Forbes’s list seems to be applauding the hipness of “America’s Hippest Hipster Neighborhoods,” but is hipness at the expense of long-standing culture really something to celebrate? In recent years, east Austin has been central to the debate over gentrification in Austin.
Gentrification occurs when high-income people, often white people, start buying or renting property in lower-income neighborhoods like east Austin, which are often not predominantly white. Although gentrification has mostly to do with high income people in low-income neighborhoods, the discussion of race cannot be left out of the conversation about gentrification.
The problems associated with well-off white people (i.e. hipsters) moving into low-income, non-white neighborhoods are many. Neighborhoods like east Austin were built by families, but young hipsters often live alone. Thus, the neighborhood becomes less about the community and more about the individual.
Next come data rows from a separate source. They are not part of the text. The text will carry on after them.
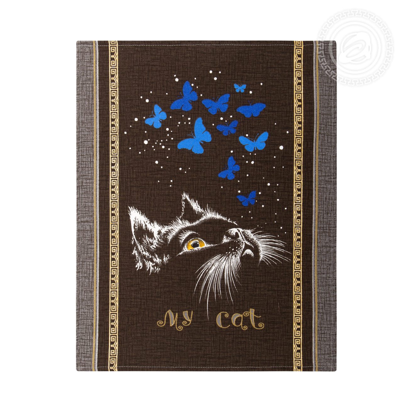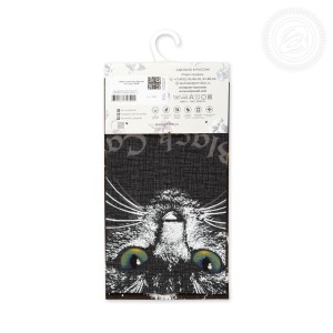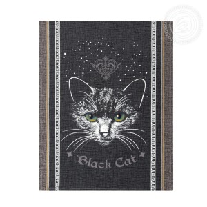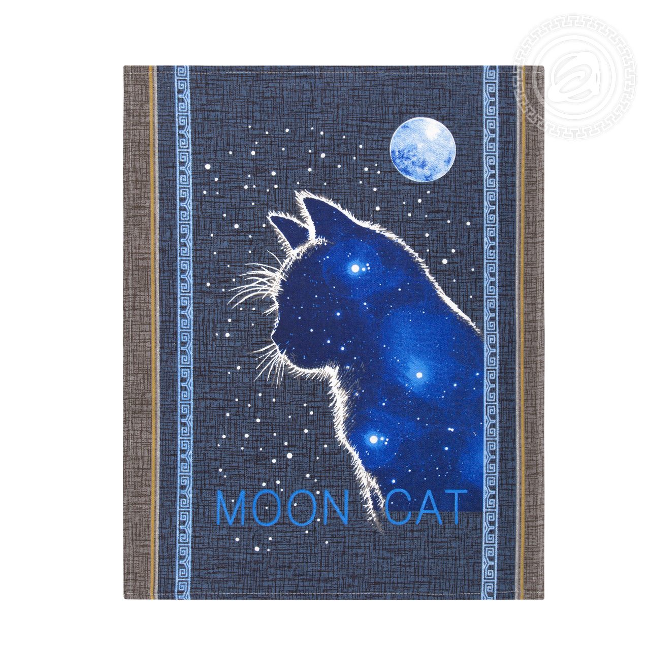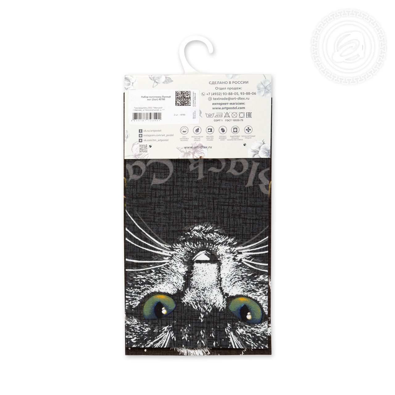 Эксклюзивный дизайн «Лунный кот» погружает в атмосферу тайн и загадок. На темном фоне черный кот – волшебный герой, который появляется в ночи с восходом Луны. Новогодний рисунок выполнен в интересной стилистике с сочетанием темно-коричневого и темно-синего цветов. На каждом полотенце из рогожки – мордочка кота с яркими глазами.
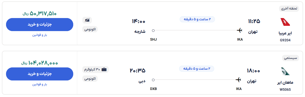سرویس اقتصاد «انتخاب»: قیمت بلیط هواپیما تهران-دبی، امروز ۲۴ فروردین ۱۴۰۴ با پروازهای شرکت ایران ایر و فلای دبی اعلام شد. قیمت بلیط هواپیما تهران-دبی، امروز ۵ میلیون و ۴۰۵ هزار تومان و ۱۰ میلیون تومان به ثبت رسید.
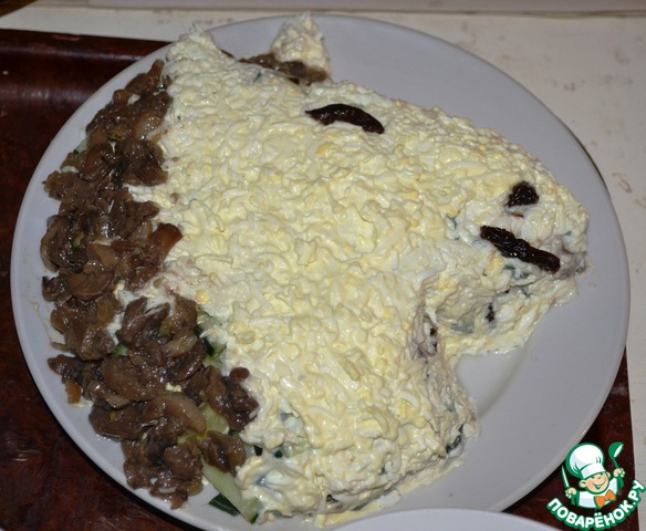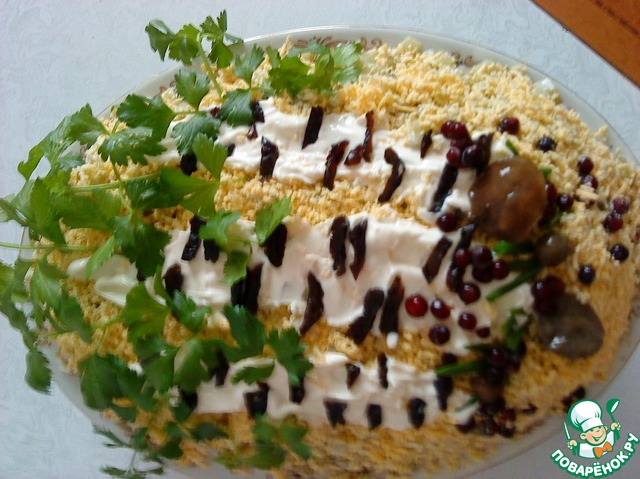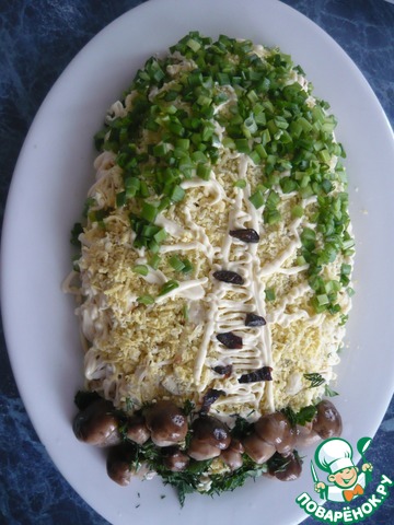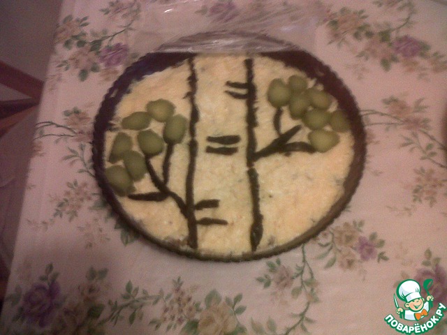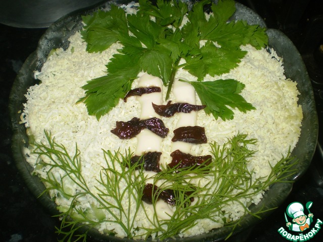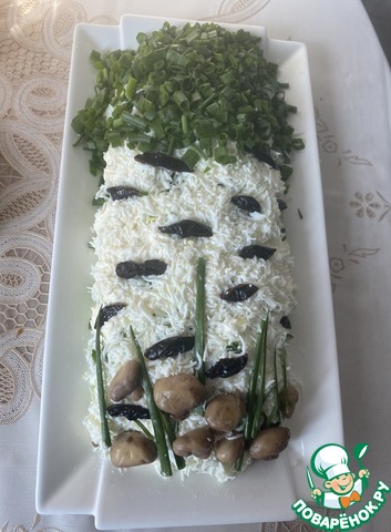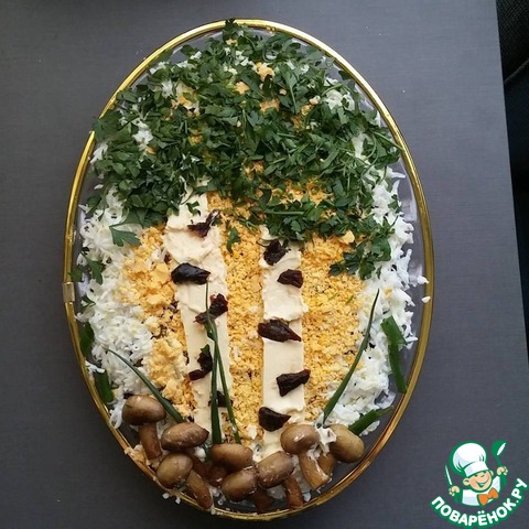 6. Желтки потереть, посыпать салатик, нарисовать майонезом стволы, крону смастерить из петрушки, полосы на березках выложить кусочками чернослива, травка у нас будет из зеленого лучка, сверху на травку выложить грибочки (можно маринованые).

While young white people might appropriate pieces of a neighborhood’s culture, like east Austin’s Mexican food, they do not fully engage in the pre-established culture; they mostly replace it with their own. Taco stands and bakeries are replaced with food trucks and coffee shops.
Furthermore, gentrification drives up the price of living in low-income neighborhoods, often making it impossible for long-time residents to keep their homes and businesses. Wealthy young people come in and flip houses, making property values and tax rates go up, forcing low-income people to leave the neighborhoods they established because they simply cannot afford to live there anymore.
Forbes is not mistaken–there is no denying east Austin is hip. Ask any group of students their favorite bar, and someone is bound to mention their favorite East Side dive. But what the writers of Forbes’s “America’s Hippest Hipster Neighborhoods” list fail to understand is that hipness happens at the expense of established communities.